GPU training of Llama 3.1 crashed like crazy, but some big companies actually used CPU servers to run large models with hundreds of billions of parameters?

GPU training of Llama 3.1 crashed madly. Some big companies actually used CPU servers to run large models with hundreds of billions of parameters?

2024-08-01

New Intelligence Report

Editor: Editorial Department

【New Wisdom Introduction】It’s time to use CPU general-purpose servers to run large models with hundreds of billions of parameters!

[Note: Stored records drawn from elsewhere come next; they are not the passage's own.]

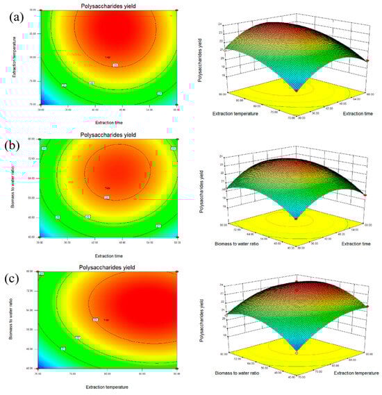 The contour plots and response surface plots of the effects of the extraction temperature, extraction time, and biomass-to-water ratio on the polysaccharide yield: (a) the contour plot and response surface plot of the effects of the extraction time, extraction temperature, and their interaction on the extraction yield; (b) the contour plot and response surface plot of the effects of the extraction time, biomass-to-water ratio, and their interaction on the extraction yield; and (c) the contour plot and response surface plot of the effects of the extraction temperature, biomass-to-water ratio, and their reciprocal interaction on the extraction yield.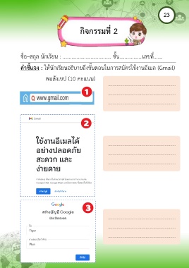 23 กิจกรรมที่ 2 ชื่อ–สกุล นักเรียน : …………………….…………. ชั้น………………เลขที่……. คำชี้แจง : ให้นักเรียนอธิบายถึงขั้นตอนในการสมัครใช้งานอีเมล (Gmail) พอสังเขป (10 คะแนน)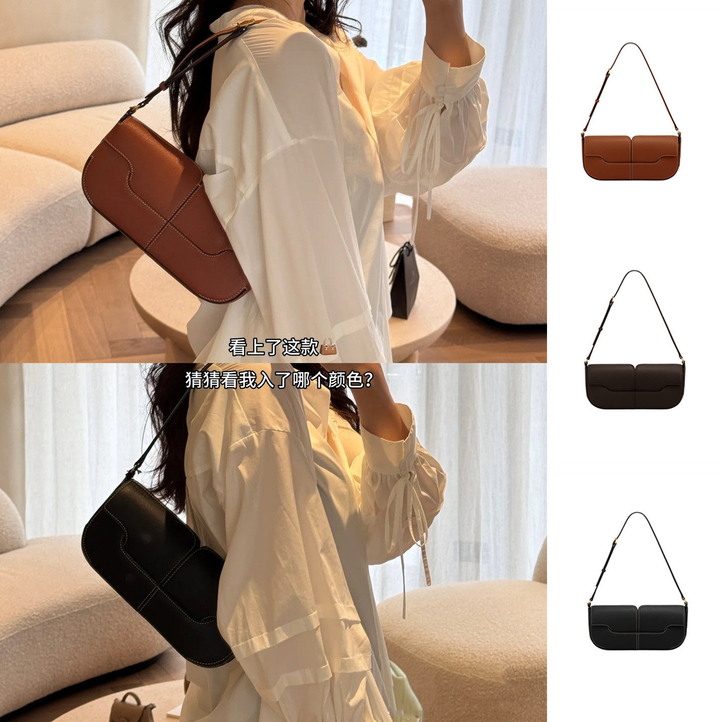 French Niche Brand Cowhide Baguette Bag Women's Fashionable Underarm Clutch Bag Light Luxury Handbag Pollen Shoulder Bag

Musk built the world's largest supercomputer consisting of 100,000 H100 chips in 19 days and has devoted all his efforts to the training of Grok 3.

At the same time, foreign media revealed that the next supercomputing cluster jointly built by OpenAI and Microsoft will be composed of 100,000 GB200s.

In this AI competition, major technology companies are working hard to increase their investment in GPUs, seemingly implying that owning more and more powerful GPUs will make them invincible.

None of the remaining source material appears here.